Segment Open

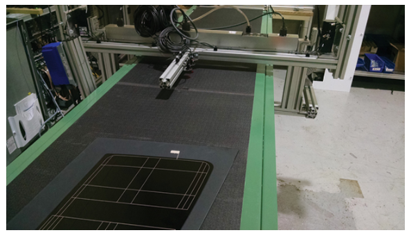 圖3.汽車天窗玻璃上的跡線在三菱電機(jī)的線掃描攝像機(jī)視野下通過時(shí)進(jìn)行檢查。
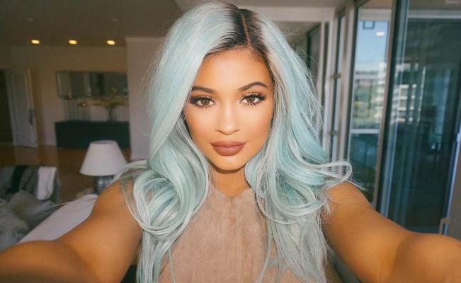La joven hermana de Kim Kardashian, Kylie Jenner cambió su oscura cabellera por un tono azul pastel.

Segment Closed
Segment Open

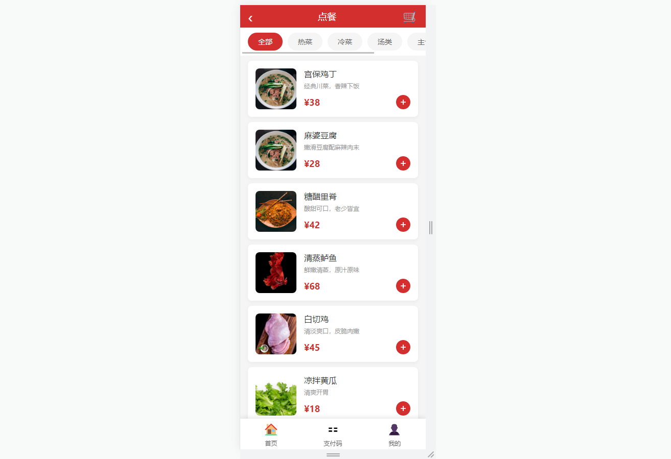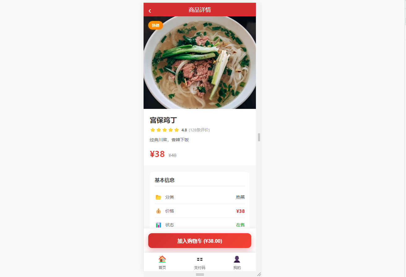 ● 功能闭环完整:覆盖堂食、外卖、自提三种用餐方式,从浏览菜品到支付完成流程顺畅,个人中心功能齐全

Segment Closed
Segment Open

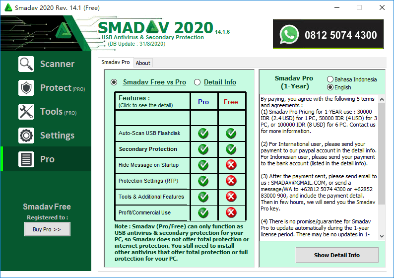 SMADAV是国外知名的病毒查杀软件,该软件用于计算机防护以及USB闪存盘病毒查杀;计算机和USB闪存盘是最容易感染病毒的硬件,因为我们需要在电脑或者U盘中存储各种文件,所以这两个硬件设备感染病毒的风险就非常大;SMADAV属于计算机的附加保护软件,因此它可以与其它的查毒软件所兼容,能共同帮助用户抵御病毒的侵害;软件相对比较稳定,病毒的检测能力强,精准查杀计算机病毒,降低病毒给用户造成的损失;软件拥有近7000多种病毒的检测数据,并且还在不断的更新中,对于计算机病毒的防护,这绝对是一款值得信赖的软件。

Segment Closed

Work required
Only one part of the material above is wanted: the lines from the one with "圖3.汽車天窗玻璃上的跡線在" up to and including the one with "La joven hermana". Please copy them exactly, pictures left out.

Answer box
 圖3.汽車天窗玻璃上的跡線在三菱電機(jī)的線掃描攝像機(jī)視野下通過時(shí)進(jìn)行檢查。
La joven hermana de Kim Kardashian, Kylie Jenner cambió su oscura cabellera por un tono azul pastel.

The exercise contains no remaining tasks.